*** Opening of Provided material ***
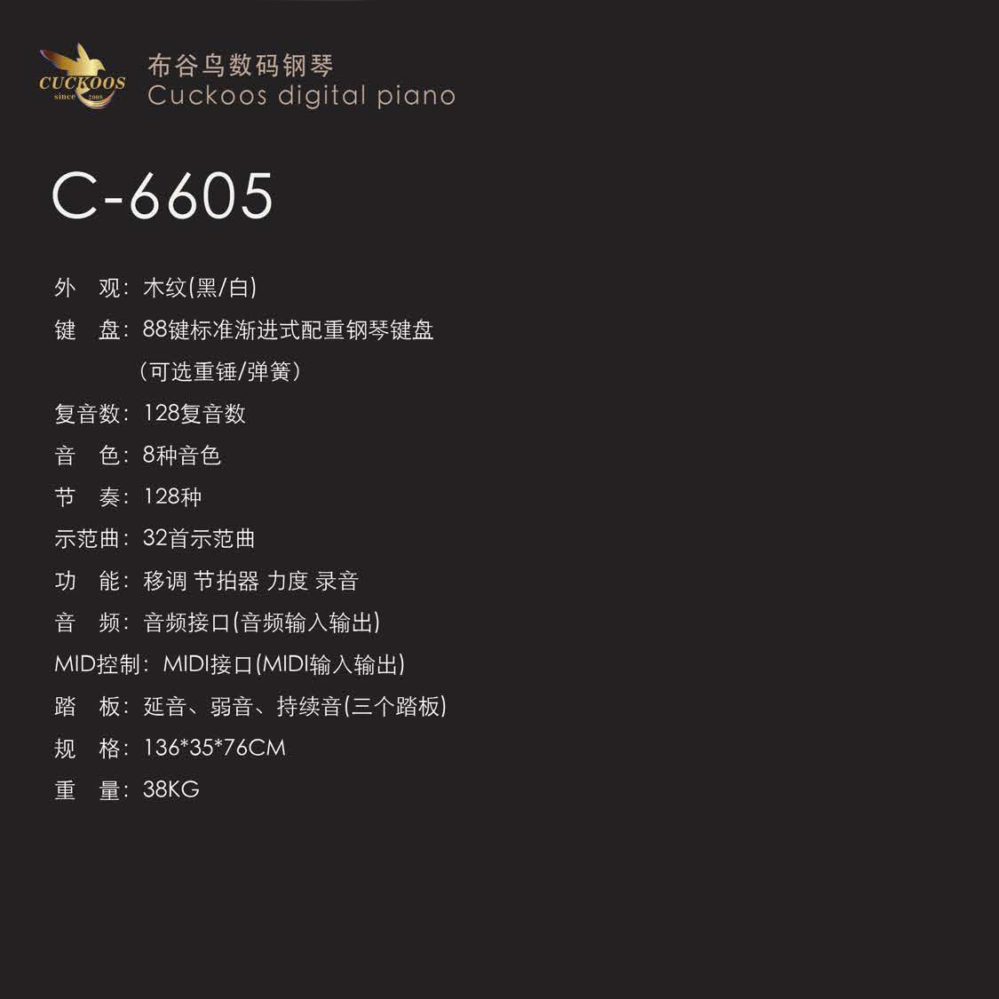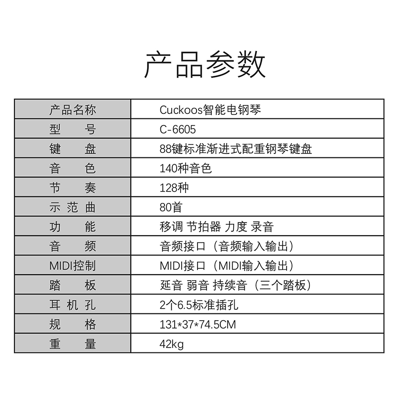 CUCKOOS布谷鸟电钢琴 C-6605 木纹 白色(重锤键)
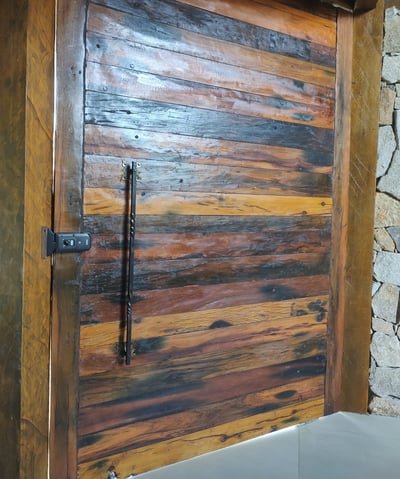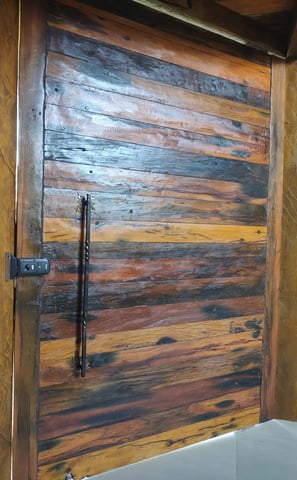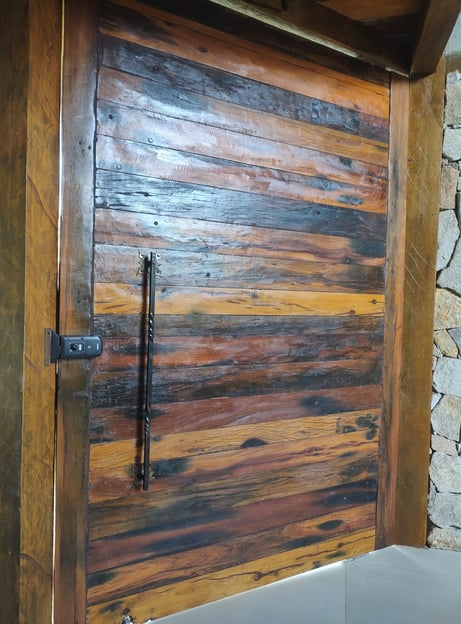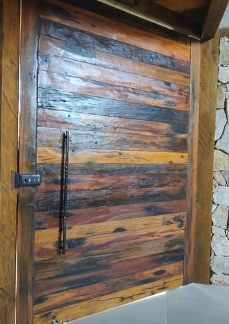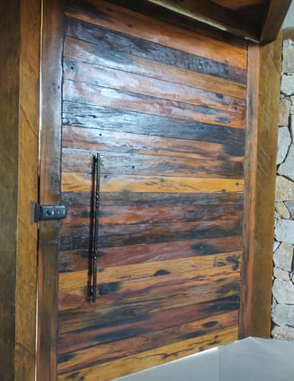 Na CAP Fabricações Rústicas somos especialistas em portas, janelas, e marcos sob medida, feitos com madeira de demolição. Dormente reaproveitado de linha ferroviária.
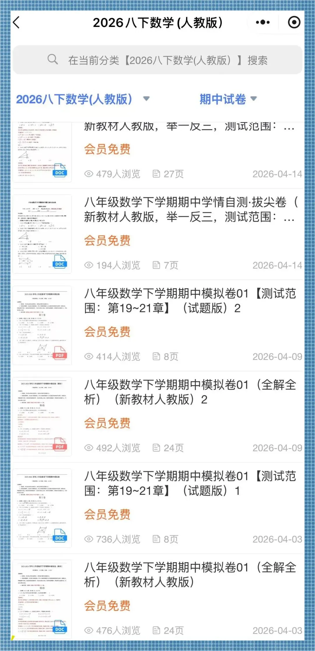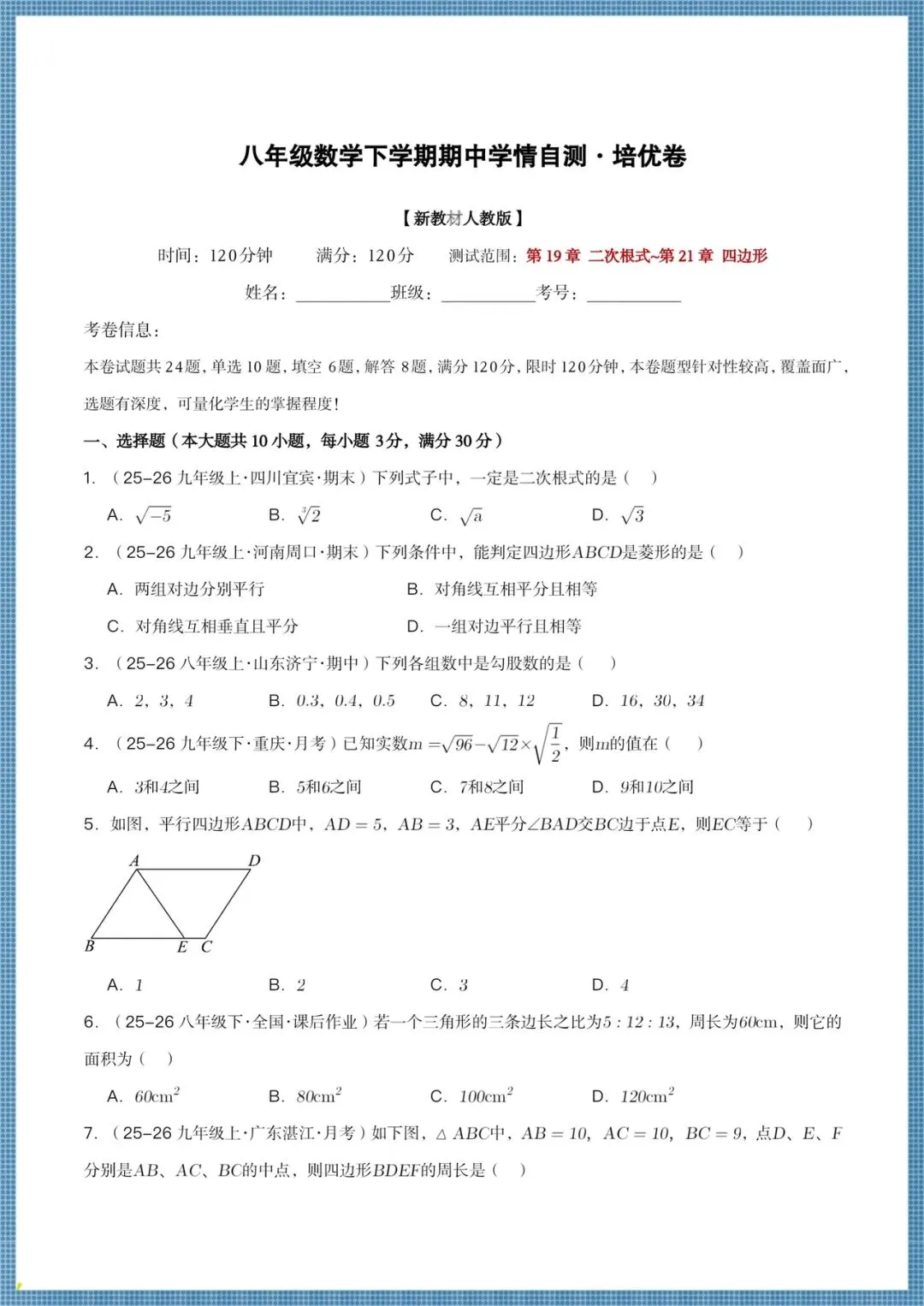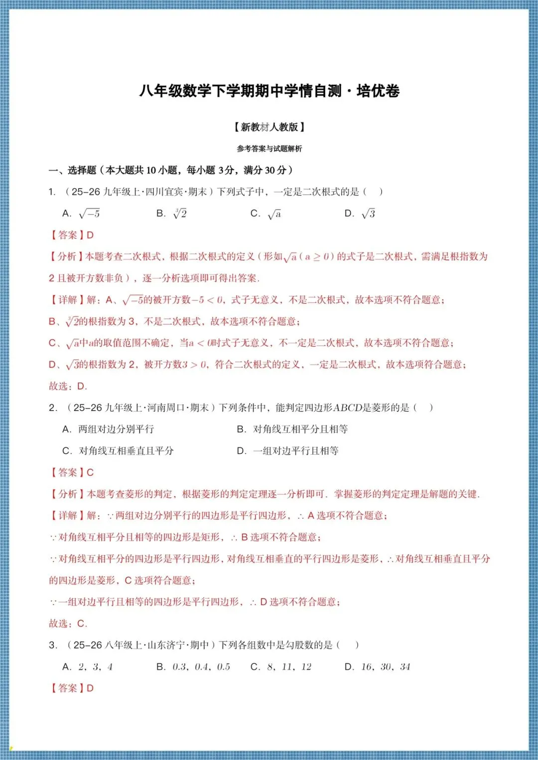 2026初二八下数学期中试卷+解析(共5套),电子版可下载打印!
*** Close of Provided material ***
Task brief:
Output all of the data above exactly; no pictures should appear.

Written answer:
 CUCKOOS布谷鸟电钢琴 C-6605 木纹 白色(重锤键)
 Na CAP Fabricações Rústicas somos especialistas em portas, janelas, e marcos sob medida, feitos com madeira de demolição. Dormente reaproveitado de linha ferroviária.
 2026初二八下数学期中试卷+解析(共5套),电子版可下载打印!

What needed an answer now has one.